Peter Hitchens (left) and his brother Christopher Hitchens ©Nigel Luckhurst, Fri Tanke

The legacy of the sixties

Was the sixties the start of a slide into nihilism or a flawed but authentic progressive convulsion? The brothers Hitchens debate
March 20, 1998
2nd February 1998

Dear Christopher,

If there is anything worse than a young conservative, it is an old revolutionary. Young Tories are now practically extinct, but the western world is infested with paunchy radicals. My own path-a silly flirtation with revolution in my teens and 20s followed by a comfortable return to Tory certainties in middle age-used to be a cliche.  Now I am an exception-asked, in wondering tones, how I come to be a reactionary. The disturbing thing about the late 1960s is that they are still going on; and we have not had to grow up.

The 1960s were not the emotional spasm they appeared to be, but a genuine upheaval with permanent effects. The year 1968 was not the beginning of this, but it was the moment when all its strands-political, moral, sexual and artistic-were woven most closely together. This was a cultural revolution far more destructive and iconoclastic than the Reformation-and lacking any true liberation. It reduced beloved institutions to rubble, while elevating musical, artistic and literary garbage. It introduced dope into western daily life. Its corrosive effects on language, manners, true human kindness, the education and upbringing of children, have been a disaster to anyone who has the slightest tenderness for the next generation. I regret that I was involved in it at all, and squirm with embarrassment when I recall most of what I said and did. I recognise my responsibility for the loss of things which I should have been cherishing and defending, while I was helping to knock them down.
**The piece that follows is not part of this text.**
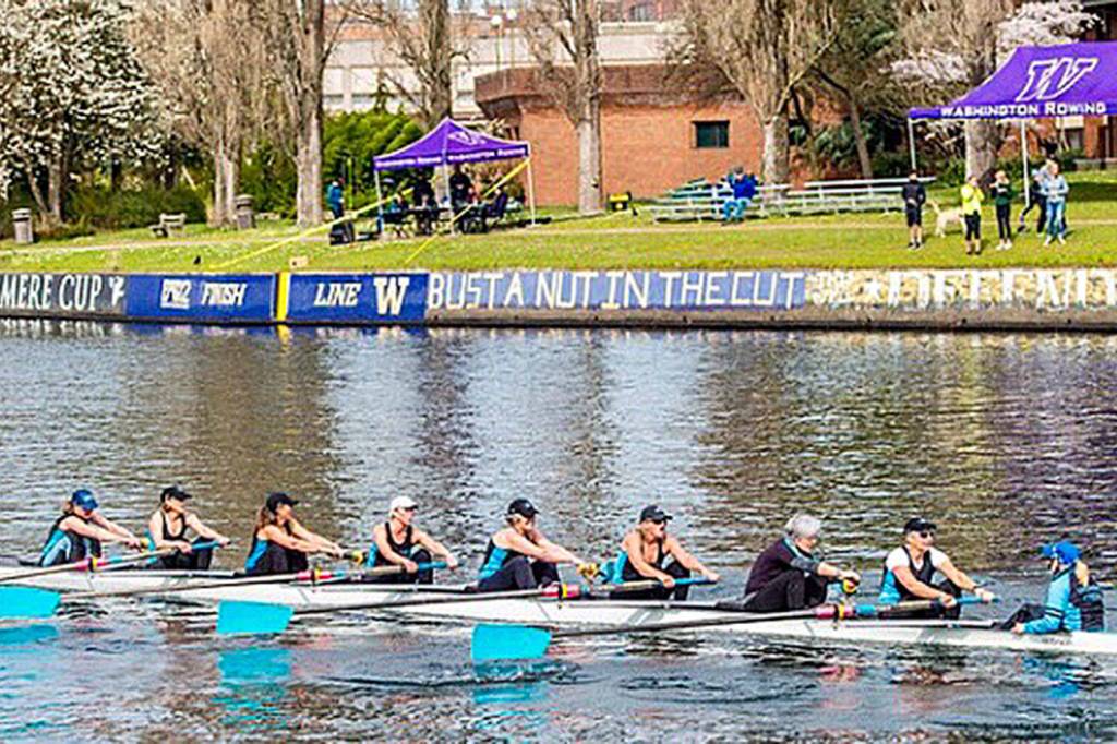 The Vashon Island Rowing Club’s Masters women’s 8 powered to an impressive open-water victory at the Husky Open invitational regatta on Saturday, March 31.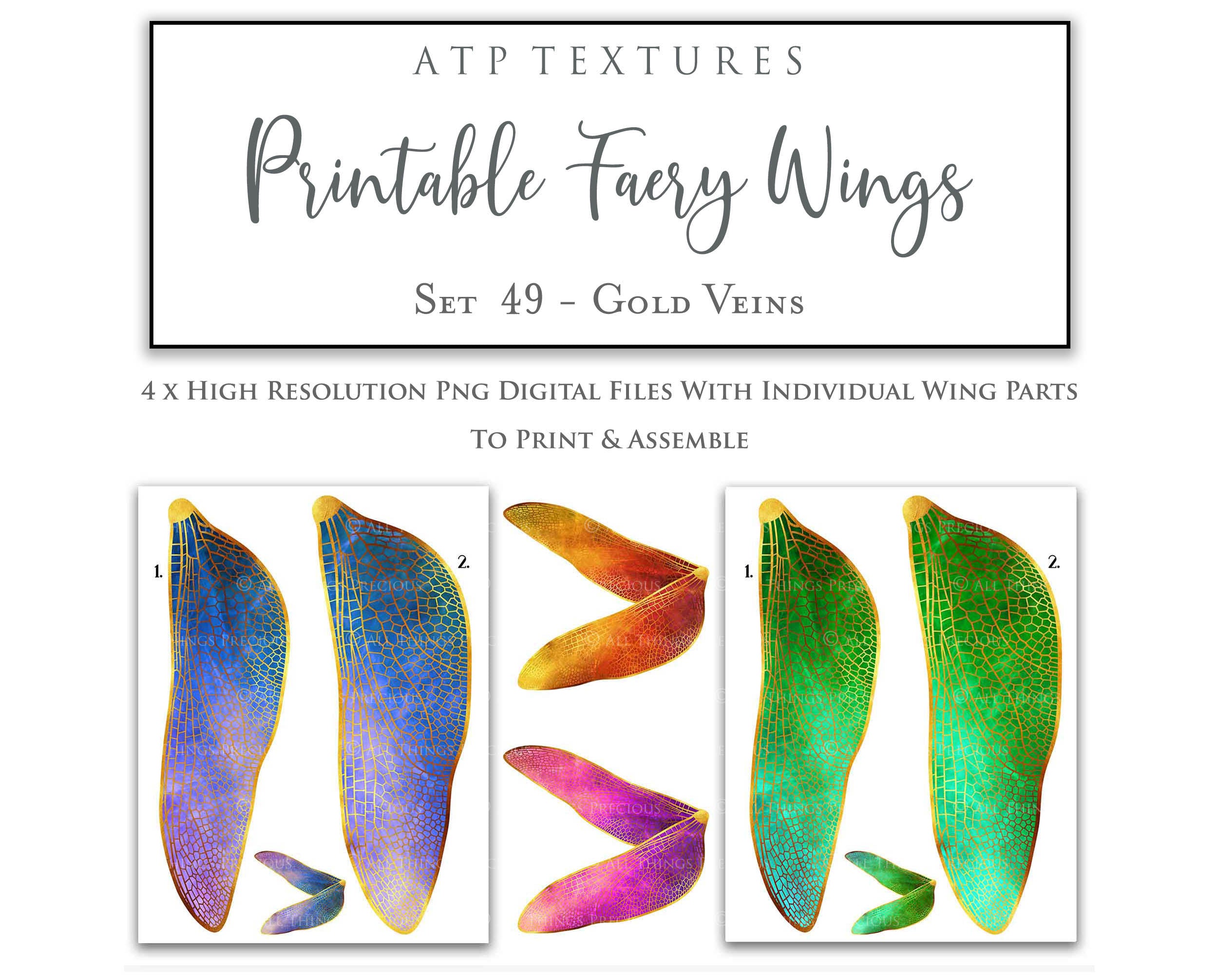 PRINTABLE FAIRY WINGS - Set 49 - Gold

You ought to agree with me. You went deeper into this than I ever did and understood it better than I. You cannot be pleased by the nurseries of ignorance we call schools and universities. You cannot be glad that heroin is sold openly in pit villages such as Grimethorpe. You cannot be happy that rock music is the nearest most people now get to poetry, or that faith, class and deference have been replaced-not, as you might have hoped, by rational self-confidence, but by the syrupy celebrity worship epitomised in the recent festival of the Goddess Diana.

Nor can you be delighted by the achievements of the political causes, foreign and domestic, that we espoused. Vietnam holds public executions of "economic saboteurs." Africa is an economic and political slum, from Cape Town to Cairo. The Clintons, that perfect counter-culture couple rooted more deeply in the movement than they now care to admit, turn out to be as inspiring in office as Warren Harding, liberated only in the president's unconventional sexual tastes.

The favourite social causes of our generation-unrestricted abortion, easy divorce, radical education, sexual equality, homosexual law reform, the end of censorship and the abolition of capital punishment-have all been victorious. In every single case, the warnings of the crustiest and stupidest conservatives now turn out to have been sober and accurate prophecies. The family is disappearing. Life, born and unborn, is cheaper than it has been for almost two centuries. Millions of women, willingly or not, abandon their children to the care of paid strangers. Sexual tolerance led not to civilised contentment but to demands for legal and moral equality between homosexual partners and married couples. Morality has been replaced by a cold hedonism which promotes sterility rather than fertility.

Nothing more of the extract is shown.